Inspired by tools like GitHub Copilot and Microsoft Copilot—both of which showcase how AI can boost productivity and streamline workflows through intuitive UI interactions—we developed AI agents that provide seamless, intelligent assistance while maintaining a fluid and user-friendly interface.

For example, when using Ostorlab’s attack surface management, organizations often need to analyze hundreds or even thousands of potential assets. Manually verifying each asset to confirm or discard ownership is time-consuming and tedious.
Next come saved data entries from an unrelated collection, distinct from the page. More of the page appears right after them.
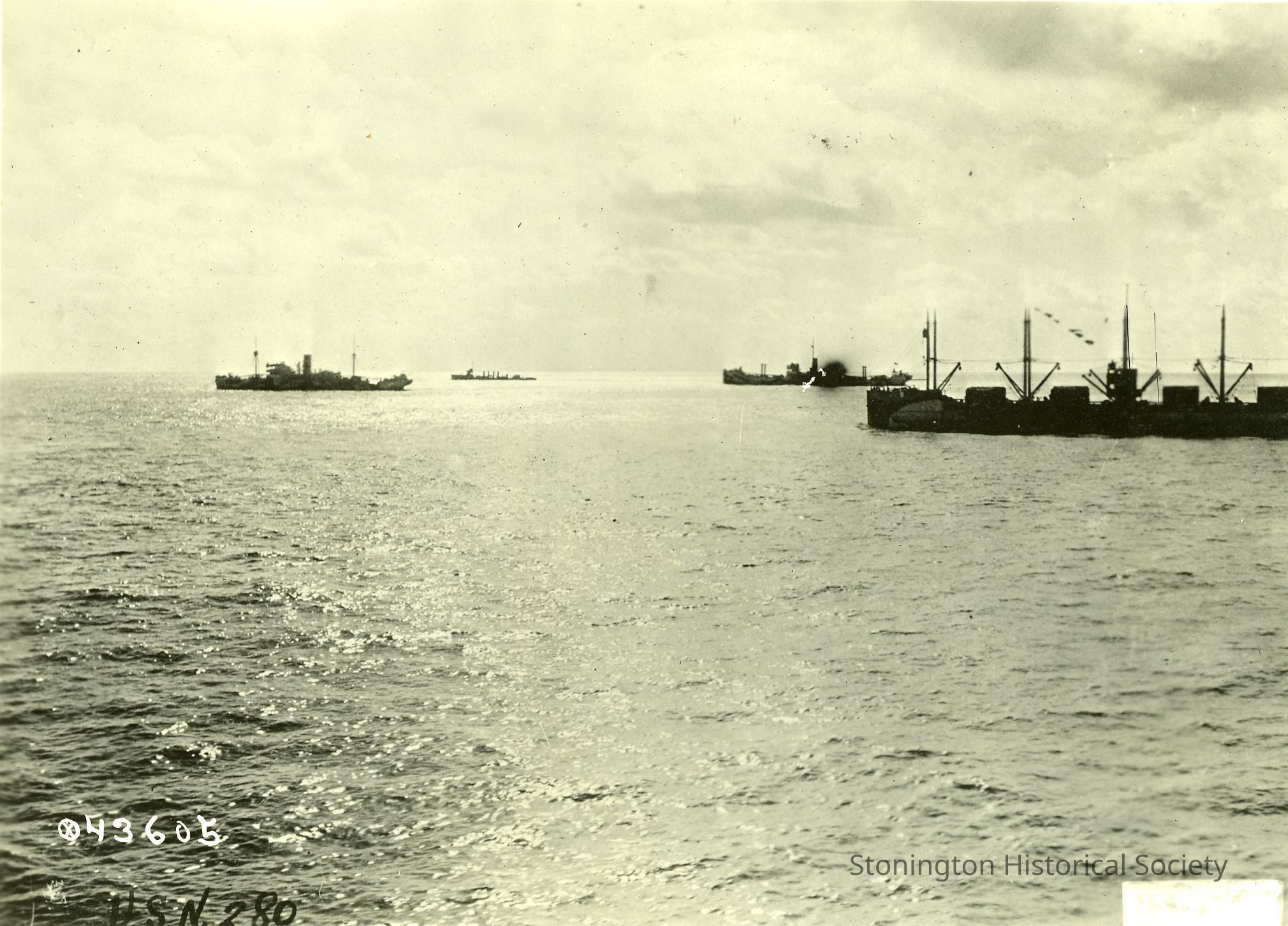 black and white/sepia photograph, crew members on deck of unknown vessels, stamped "USN 280, U.S. Official"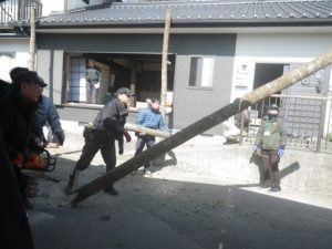 この日は隊員3名、事務局2名 計5名でのお手伝いです。昨日同様 集合場所に集まり神楽会場の松原集落を目指します。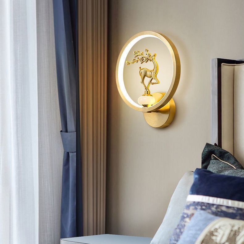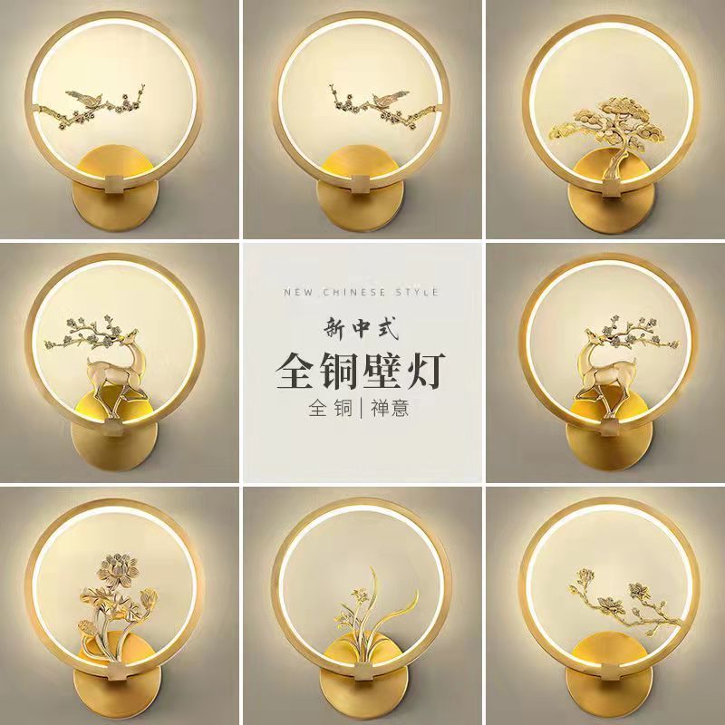 新中式壁灯全铜客厅电视墙楼梯过道简约创意2024新款卧室床头壁灯

By leveraging a large language model (LLM), we can automate this process, reducing hours of manual work to zero.

Instead of reviewing assets one by one, users can simply instruct the LLM to confirm all assets that meet specific criteria, making validation faster, more efficient, and fully automated.

Ostorlab’s Vision: AI-Powered Security Assistance

Ostorlab Copilot is an AI-driven assistant designed to answer security and platform-related questions, help manage your organization, and execute tasks on your behalf, such as creating scans and managing tickets.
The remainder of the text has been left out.